Schaefer then hung both girls from a tree with nooses, the Palm Beach Post reported, forcing them stand on exposed roots, where one wrong step would kill them.

The police officer temporarily left the teens alone, and they managed to escape. A trucker driver picked up Ms Wells, and Ms Wells swam through a nearby waterway, with her hands still bound behind her back, until she reached a road and another Martin County deputy found her.

Schaefer admitted to his superior officers that he had kidnapped the girls but said it was to teach them a lesson about the dangers of hitchhiking.

“I’ve done something foolish,” he reportedly told his bosses. “You’re going to be mad at me.”

The officer was charged with aggravated assault and false imprisonment, but went free on $15,000 bail.
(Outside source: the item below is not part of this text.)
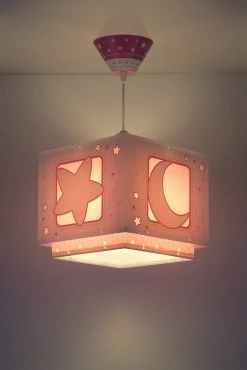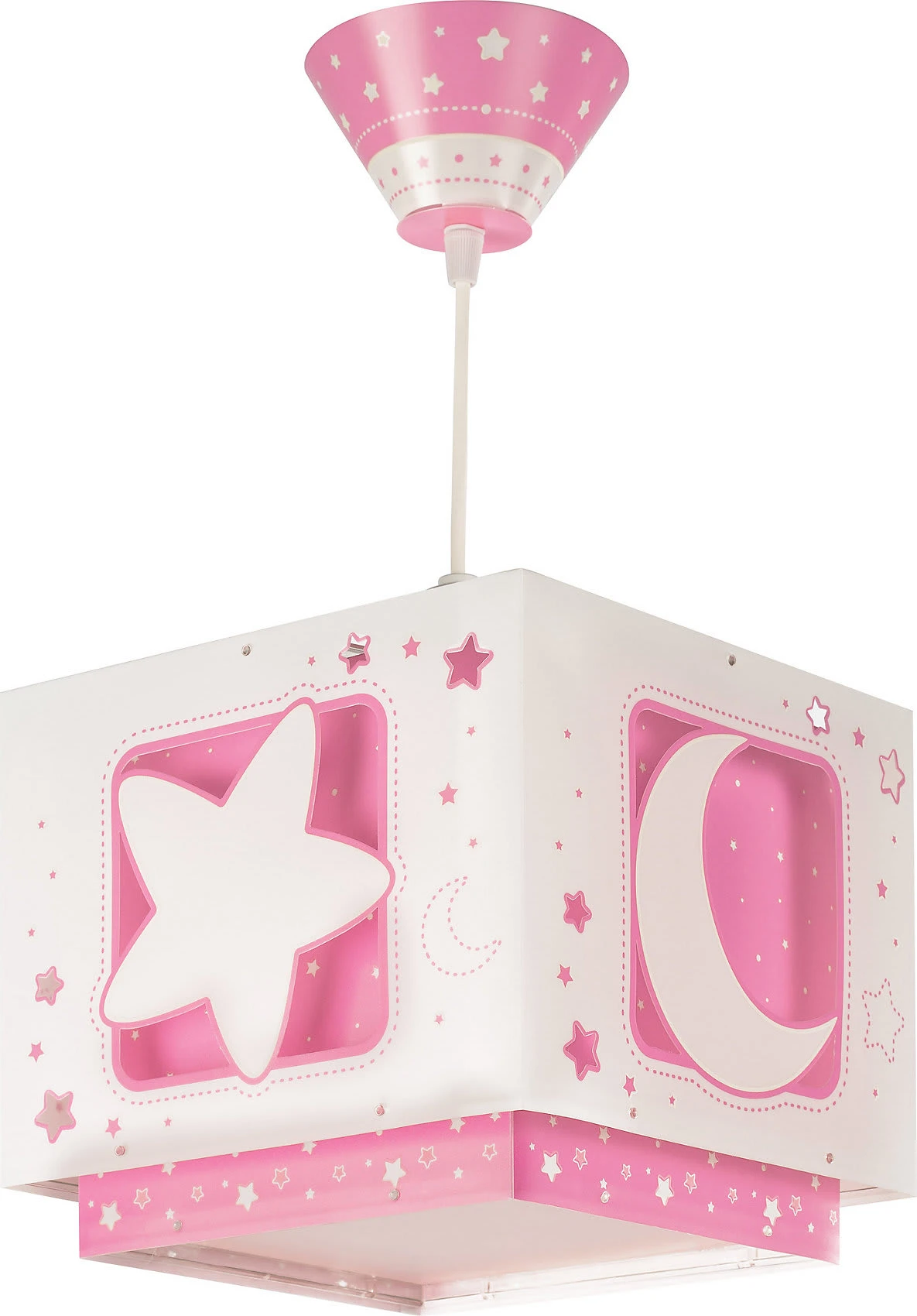 Diese niedliche Hängelampe in Rosa und Weiß ist ein echter Blickfang im Kinderzimmer. Mond und Sterne erhellen das Kinderzimmer mit einem warmen Licht.

He would eventually be convicted and given a short sentence but was still free at the time Ms Poole went missing.

In September 1972, teenagers Susan Place, 17, and Georgia Jessup, 16, went missing in Fort Lauderdale. Their bodies were found the following April on Hutchinson Island, close to where Ms Trotter and Ms Wells have been held.

Both Ms Place and Ms Jessup had been beheaded.

The day she vanished, Susan Place had told her mother Lucille that she was going to the beach with an older man, Gerry Shepherd. Suspicious, her mother took down the man’s license plate and reported it to police when she went missing. The plate belonged to a blue-green Datsun which was linked to Schaefer.

At the time their bodies were found, Schaefer was serving a six-month sentence for attacking Ms Trotter and Ms Wells. When police searched his home, they discovered drivers’ licenses, jewelry, and other items belonging to his victims.

He was subsequently convicted of the double murder and given a life sentence. Police suspect he may be linked to as many as 30 murders in the area, dating back to 1969.

Schaefer was killed in prison in the 1990s during a dispute with a fellow inmate about a cup of hot water.

Police are now searching for evidence that may link Schaefer to Ms Poole, and attempting to reach her close friends from the time to aid in their investigation.